As for "Download by extension" I have stopped reading. You can't download what you don't know. Unless the requested directory allows the listing of files and lacks an index (and both must occur at the same time), what you say cannot be done. What a level.
Hello Rubén, ignorance is a bit daring.
What you comment can be done with a simple command to google:
filetype:pdf site:ubunlog.com
In this example there is no pdf in this blog, but change the domain at the end to the web you prefer and you will see how easy it is to see all the files of one type of a web.
Have a nice day.
But wget does not connect to google to find the pdfs that are in a url. The web directory must be open and there must be an index page generated by mod_autoindex or similar, as Rubén Cardenal says.
"This command does not always work, as some servers may have blocked access to wget."

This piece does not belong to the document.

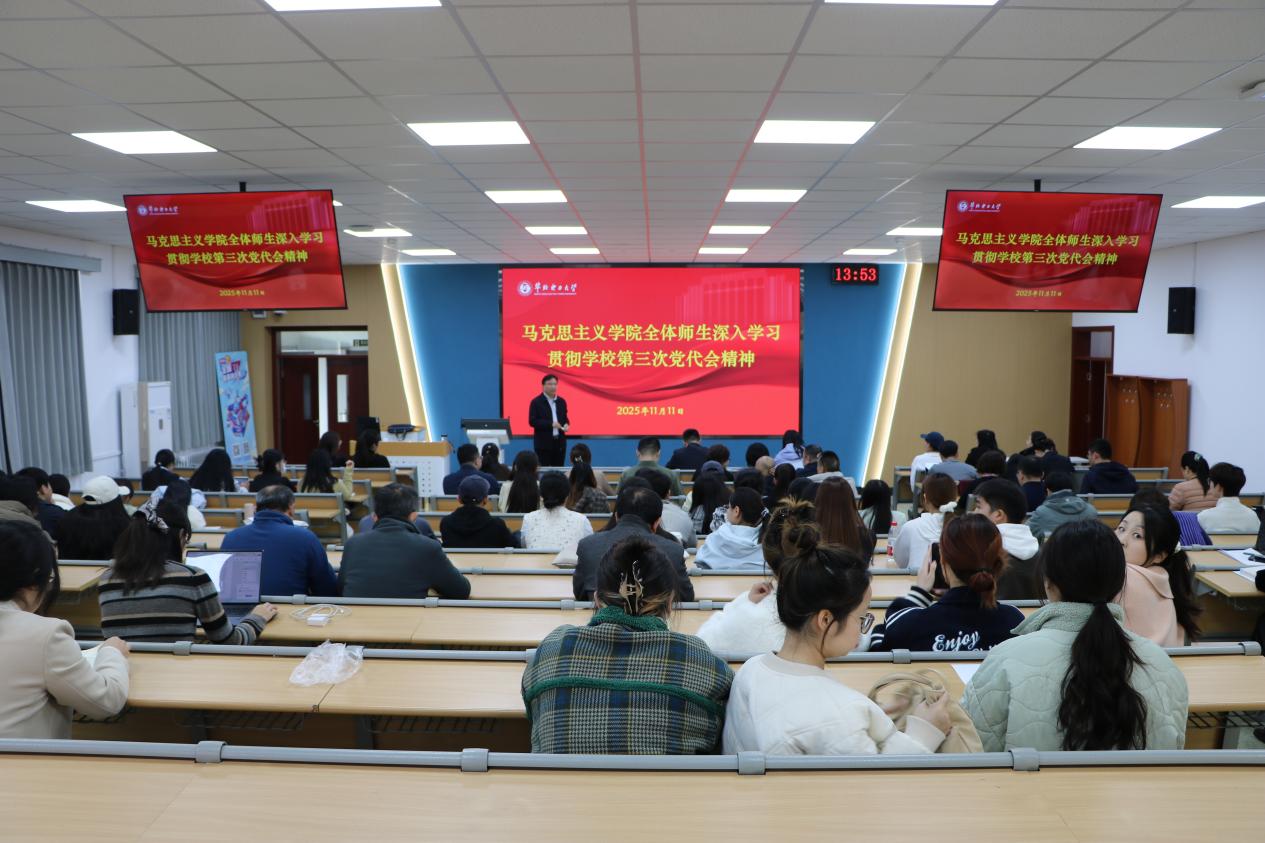 他强调,leyu乐鱼官方网站作为学校思政课教育教学的主阵地,要把学习贯彻党的二十届四中全会精神和学校第三次党代会精神作为当前和今后一个时期的重要任务,要进一步提高政治站位,在学习贯彻四中全会和学校党代会精神上先行一步,充分发挥马克思主义理论学科和专业优势,学深悟透,将中央全会精神和学校党代会精神高效融入课堂教学、科学研究与社会服务之中,切实把思想和行动统一到学校党委决策部署上来,把学习成果转化为推动学院建设和学校发展的实际行动,以高度的责任感和使命感,不断深化思政课改革创新,提升育人实效,为学校“双一流”建设贡献马院智慧和力量。

This amendment that was placed on this article, because I do not agree with it (although technically it is possible to block certain web agents for http header requests and return a 403 "not allowed" message) and I will explain why:
All Apache web servers (and I'm talking about a considerable percentage of servers) by default allow globbing (excellent Wikipedia article, read: https://es.wikipedia.org/wiki/Glob_(inform%C3%A1tica) .
This in practice means, as specified by mr. Rubén (and he is right), THAT IF THERE IS NO FILE CALLED "index.php" or "index.html" (or even simply called "index") the server will quietly return a list of files and directories (of course in form of an html page with the information as a web link for each file). MOST WEB SERVERS DISABLE THIS FEATURE THROUGH THE .htacces FILE (strictly speaking Apache2) FOR SECURITY REASONS.
Here's the versatility of wget (see its story, again on Wikipedia, the one you know the most: https://es.wikipedia.org/wiki/GNU_Wget ) to analyze or "parsing" such information and extract only the extensions that we request.
Now, in the event that this does not work, for one reason or another, we can try other advanced wget functions, I quote directly in English:
You want to download all the GIFs from a directory on an HTTP server. You tried 'wget http://www.example.com/dir/*.gif’, but that didn't work because HTTP retrieval does not support GLOBBING (I put the capital letters). In that case, use:
wget -r -l1 --no-parent -A.gif http://www.example.com/dir/
More verbose, but the effect is the same. '-r -l1' means to retrieve recursively (see Recursive Download), with maximum depth of 1. '–no-parent' means that references to the parent directory are ignored (see Directory-Based Limits), and '-A. gif 'means to download only the GIF files. '-A «* .gif»' would have worked too.
IF IT IS RUN IN THIS LAST WAY wget will create a folder for us with the requested web address in the default folder where we are working, and it will make subdirectories if necessary and there it will place, for example, the .gif images that we request.
--------
HOWEVER if it is still not possible to obtain only certain kinds of files (* .jpg, for example) we will have to use the parameter «–page-requisites» which downloads all the internal elements of an html page (images, sounds, css, etc) together with the html page itself ("–page-requisites" can be abbreviated "-p") and that would be the equivalent of downloading something like an "mhtml" https://tools.ietf.org/html/rfc2557
I hope this information is useful to you.
Thanks for the notes. Salu2.
I think you have an error, the first two lines have the same command.
Thank you very much, very good tutorial!